The initial takeaway from last week’s election results was that Republicans have lost considerable ground in the higher-income, well-educated suburban areas that have been the party’s backbone for decades. With a more complete map of called House races, we can see exactly how devastating the GOP’s slippage in these parts of the country has been.

By my count, Republicans have lost 31 House seats in what might be considered suburban districts. All are at or above the national average for median income, higher-education attainment, or both. That list includes three in New Jersey, one in New York, four in Pennsylvania, three in Virginia, two in Michigan, two in Illinois, one in South Carolina, one in Georgia, two in Florida, two in Minnesota, two in Texas, one in Oklahoma, one in Kansas, one in Colorado, one in Arizona, three in California, and one in Washington state.

This does not include a handful of districts where the Republican candidate is losing but the race has not yet been called, such as Mia Love in the Salt Lake City suburbs or Tom MacArthur in South Jersey. Nor does it include numerous suburban districts where Republican incumbents held on but ran awfully close races—like Rob Woodall of Georgia, George Holding on North Carolina, Kenny Marchant of Texas, Mimi Walters of California, or Andy Barr of Kentucky.

Needless to say, the Democrats can attribute their taking of the House majority to winning these districts, many of which had in 2016 split their ballots by voting for Hillary Clinton over Donald Trump. That split might reflect what voters in the suburbs reasonably thought they might be getting: a Democratic president and a Republican House, divided government. The 2018 midterms might be seen as a correction, giving America a Democratic House to rein in a Republican president.
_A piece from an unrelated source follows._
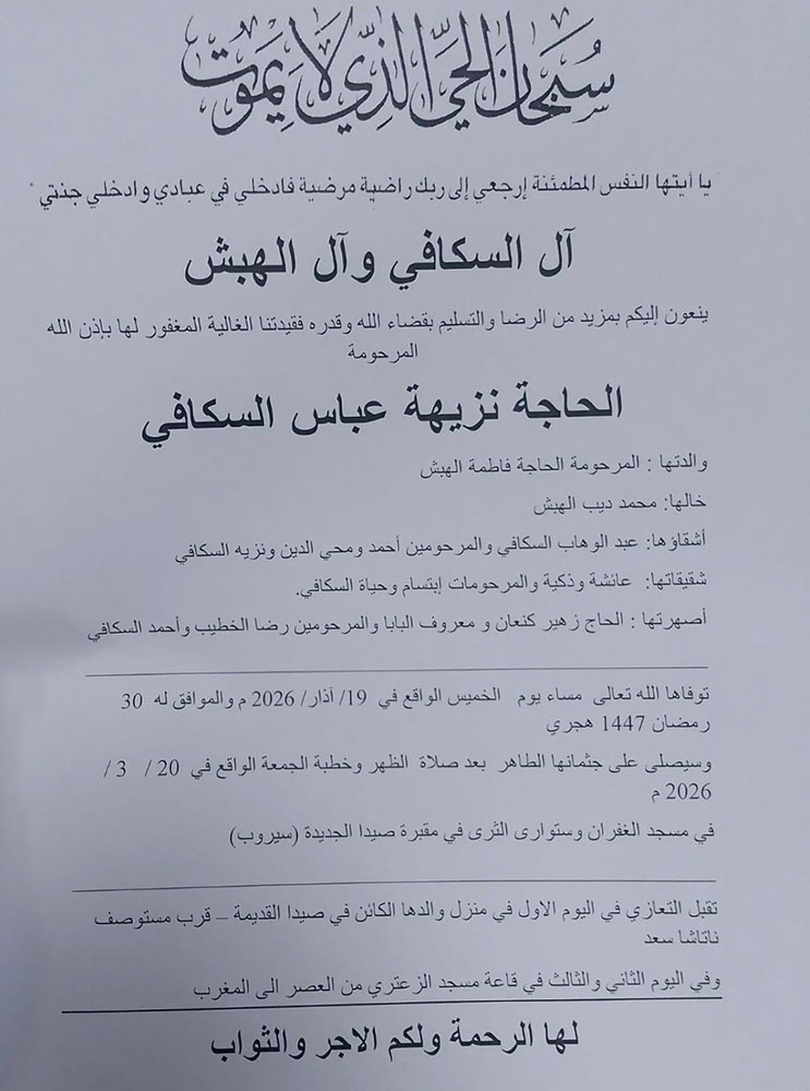 وفيات صيدا والجوار

Trump’s Republicans have a problem in the suburbs, but does it spell certain doom for Trump in 2020? Look where many of these districts are. Some are in solidly Democratic states like California or New Jersey, while others are in solidly Republican ones, like Oklahoma and South Carolina. When it comes to presidential races, you don’t have to win the suburbs to win the state outright and collect all the electoral votes.

What about the swingier states? Trump may lose the suburbs for the GOP but gain enough rural and blue-collar voters to offset them, especially in the Midwestern states in which he edged out Clinton in 2016. David Byler points out this is a mixed bag for Trump—Michigan looks like it could really be trending more swing, and more attainable for Trump and the GOP, than Pennsylvania.
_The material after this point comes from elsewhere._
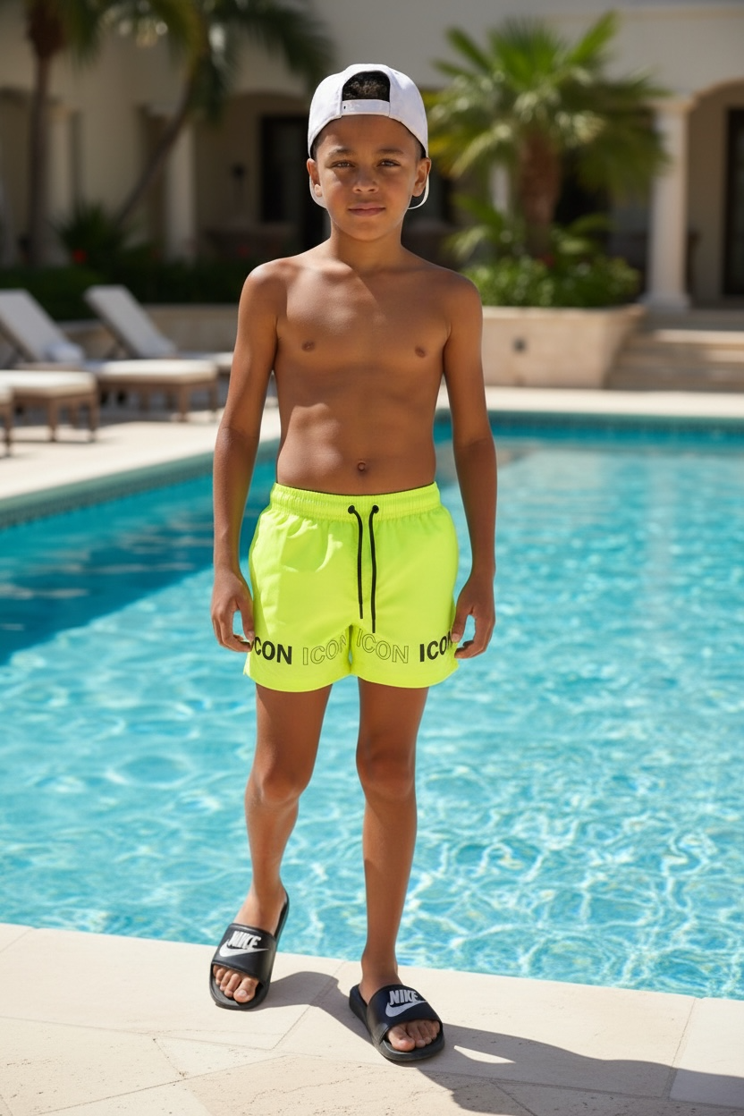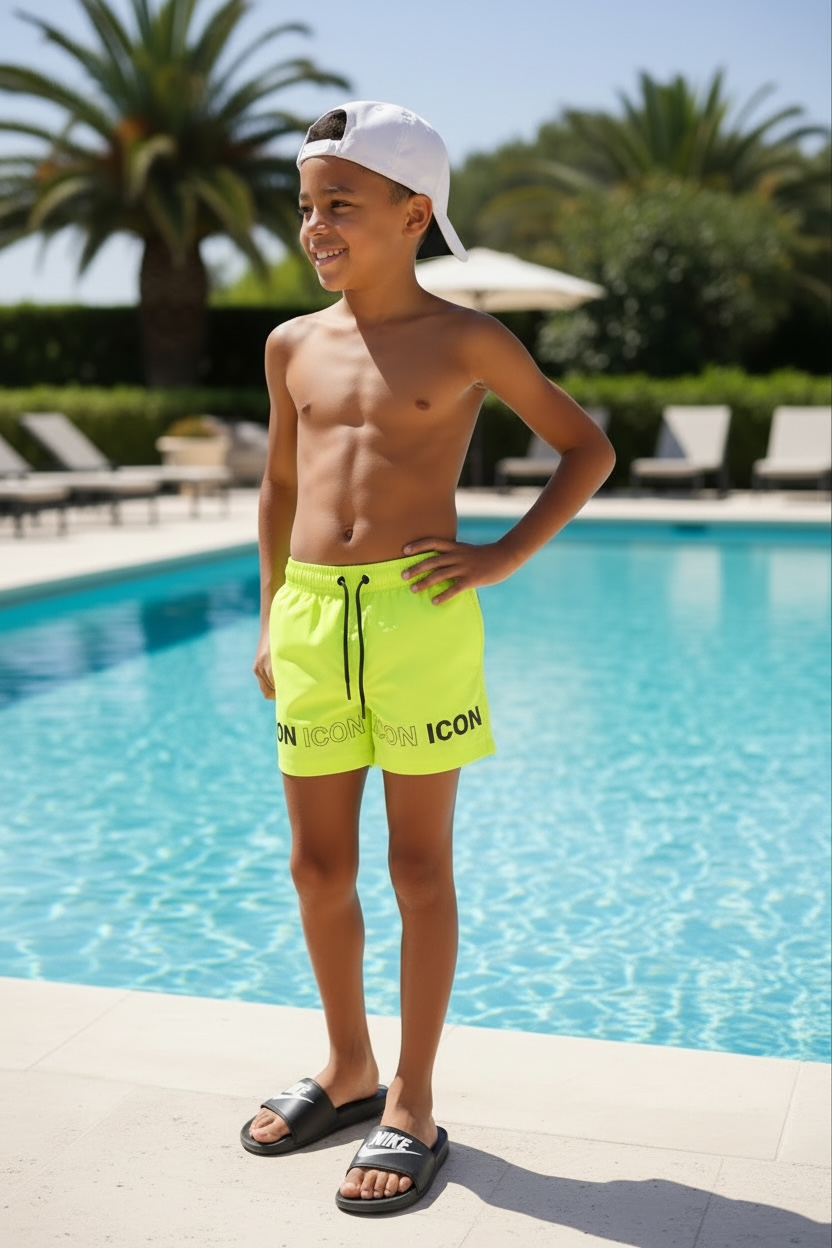 Stoere Icon zwembroek voor jongens met. Comfortabel, trendy en perfect voor warme dagen. Ideaal voor vakantie en buitenspelen. Verkrijgbaar in maat 98/104 t/m 158/164.

But even if Trump can eke out another Electoral College victory by shedding the marginal suburban votes for greater rural turnout, that doesn’t solve his House problem. Congressional majorities are built on broader coalitions than the narrowest possible paths to the presidency. Democrats learned this the hard way when, in 2010, the party was wiped out (outside of majority-black districts) in the South. Barack Obama did what no other modern president had done by shrinking his popular vote total while still winning re-election in 2012. But Democrats never won back the House for the rest of Obama’s presidency, and his legislative agenda was effectively dead.

If the GOP hopes to be back in the driver’s seat on Capitol Hill in a hypothetical second Trump term, the party (and the president) will have to figure out how to reverse the trend in the suburbs.